The bills severely interrupt and slow down the emergency response because the response becomes subject to 105 different opinions, adding more red tape and government bureaucracy and potentially impacting lives and livelihoods.

For these reasons, I will be vetoing House Bill 135 and Senate Bill 1136.

To the Idaho Legislature, I agree with you that there is a time and a place for the Legislature to be involved during future emergencies. That is why I came to you early on this session and offered tangible solutions and a path forward for the Legislature to become more involved in a way that would not affect the state’s timely response during an emergency.

I am extremely grateful for the members of the Legislature who HAVE taken the time to hear me out. You know who you are, and I appreciate you more than you know.

Numerous stakeholders felt ignored: the National Guard, the cities, the counties, FEMA, state emergency managers, and business.

That’s just plain irresponsible.

Let’s be honest. These bills are an emotional kneejerk reaction because of anger about the pandemic and some of my decisions during a very uncertain time last year.

But I still believe, when faced with difficult decisions and given the information I had at the time, I acted on balance during the pandemic response, and the strength of our economy today PROVES IT.

I listened to the experts, and Idaho was one of only a handful of states with the fewest COVID restrictions.

We avoided a crisis in healthcare and we now have the strongest economy in the nation, thanks in part to quick action during the pandemic and my ability to deploy resources quickly through the constitutional authorities given to the Governor during a crisis.

Any changes the Legislature makes to the state’s emergency response processes should consider how Idahoans will be impacted during FUTURE emergencies. We need to look forward.

Let’s do this the right way and involve stakeholders in the solution. That’s what Idahoans deserve.

I urge my partners in the Legislature who voted for these ill-conceived bills to reconsider their votes on the override, and I urge Idahoans to share their concerns with their legislators as well.

Now, I am proud to say that all of Idaho’s living Governors stand with me in support of my veto of these bills. Governor Phil Batt and Senator Jim Risch, also a former Governor, have provided statements of support. In addition, Governor Butch Otter is here with me today and Governor Dirk Kempthorne will offer some words remotely. I appreciate all our former Governors for your supportive statements today. The people of Idaho need to hear what you have to say.

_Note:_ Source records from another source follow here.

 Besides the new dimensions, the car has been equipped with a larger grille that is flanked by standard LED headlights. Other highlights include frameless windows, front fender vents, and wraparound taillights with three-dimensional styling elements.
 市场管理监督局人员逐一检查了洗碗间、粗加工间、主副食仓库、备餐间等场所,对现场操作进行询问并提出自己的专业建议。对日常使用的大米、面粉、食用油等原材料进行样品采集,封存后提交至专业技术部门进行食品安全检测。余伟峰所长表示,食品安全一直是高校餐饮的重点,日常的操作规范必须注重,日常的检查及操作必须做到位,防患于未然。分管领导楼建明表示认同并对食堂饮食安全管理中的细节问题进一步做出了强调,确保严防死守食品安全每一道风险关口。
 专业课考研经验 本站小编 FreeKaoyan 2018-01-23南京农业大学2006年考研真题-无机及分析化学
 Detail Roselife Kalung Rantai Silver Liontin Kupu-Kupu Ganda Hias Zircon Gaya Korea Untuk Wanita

My friends, the level of divisiveness is too high.

The basic duties of the legislative body – perhaps better characterized as the everyday functions of state government and the most important in the day-to-day lives of the people we serve – have taken a back seat to fringe topics.

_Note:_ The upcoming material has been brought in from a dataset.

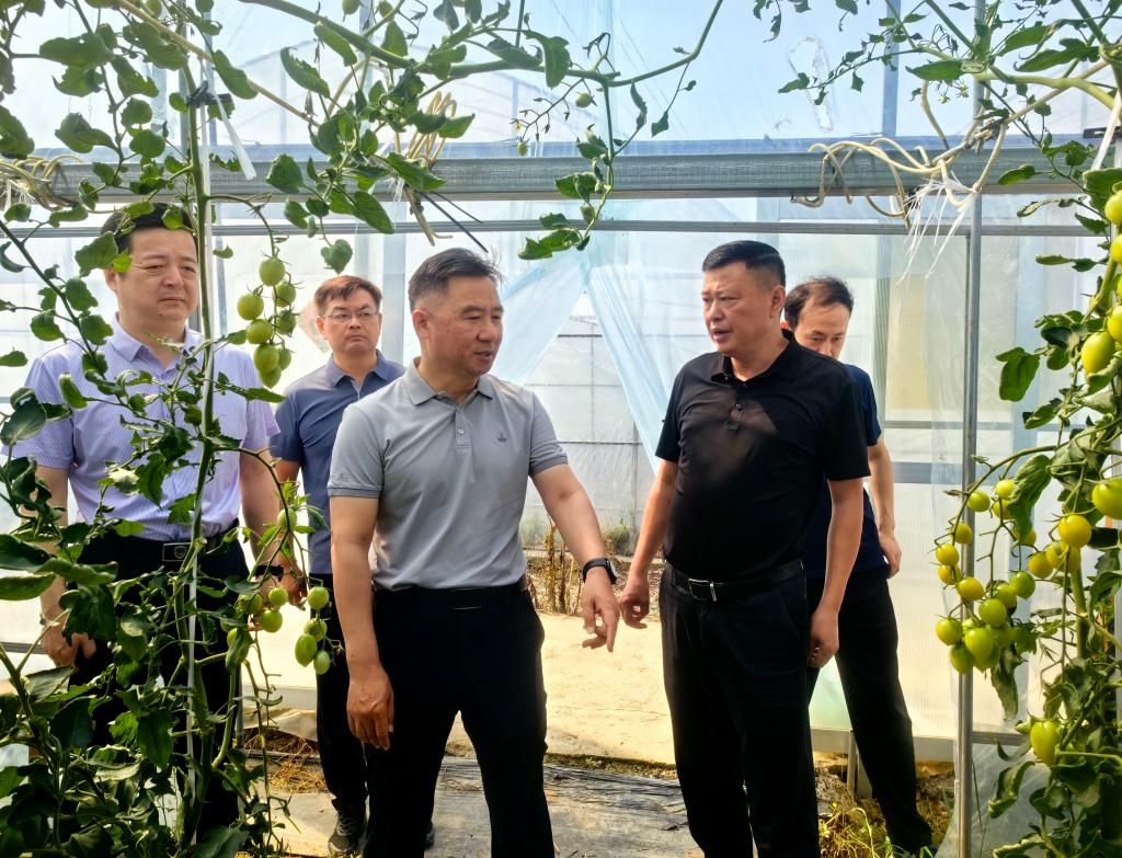 在佴池村“稻鳖共生”生态种养基地,调研组实地考察了“一水两用、一田双收”的循环农业模式,细致询问了种养结合模式的具体实施要点、产销模式及经济效益。潘永圣指出:“这种模式实现了经济效益与生态效益的双赢,下一步要充分发挥学院优势,组建跨学科技术服务专班,从品种选育、病虫害绿色防控到品牌营销提供全周期指导。”随后,调研组走进现代化大棚温室,现场察看了樱桃番茄的种植生长情况。
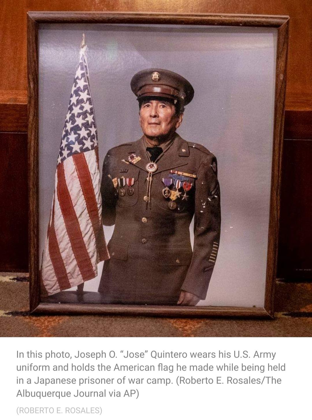 Joseph “Jose” Quintero was born on September 19th, 1918, in Fort Worth, Texas to parents, Faustino Quintero and Lorenza Olivas. During World War II, he served as a corporal in the United States Army. He was captured on the Island of Corregidor in the Philippines and endured four and a half years as a prisoner of war. During his imprisonment, he managed to make an American flag that was inspirational to his fellow POWs and to others after the war ended. He was awarded numerous medals including the New Mexico Medal of Honor, Silver Star, Bronze Star, and Purple Heart. The story of this flag is well documented in books and articles of World War II history.

Anger has dominated the dialogue and, as a result, the REAL work the people sent us here to do is impacted. Anger is the wrong reaction in these troubled times. Anger drives people apart during a time when we should be working together to heal and move forward.

Rather than politicizing important issues, such as the state’s response during future emergencies, I invite us to work together on solutions.

It’s time to get back on track. The people of Idaho deserve our best.

Our common goal is to create the best possible opportunities for us, our children, and our grandchildren. Let us return to addressing pathways to safety and economic prosperity for this and future generations.

We will continue to update both sides of the story as it develops.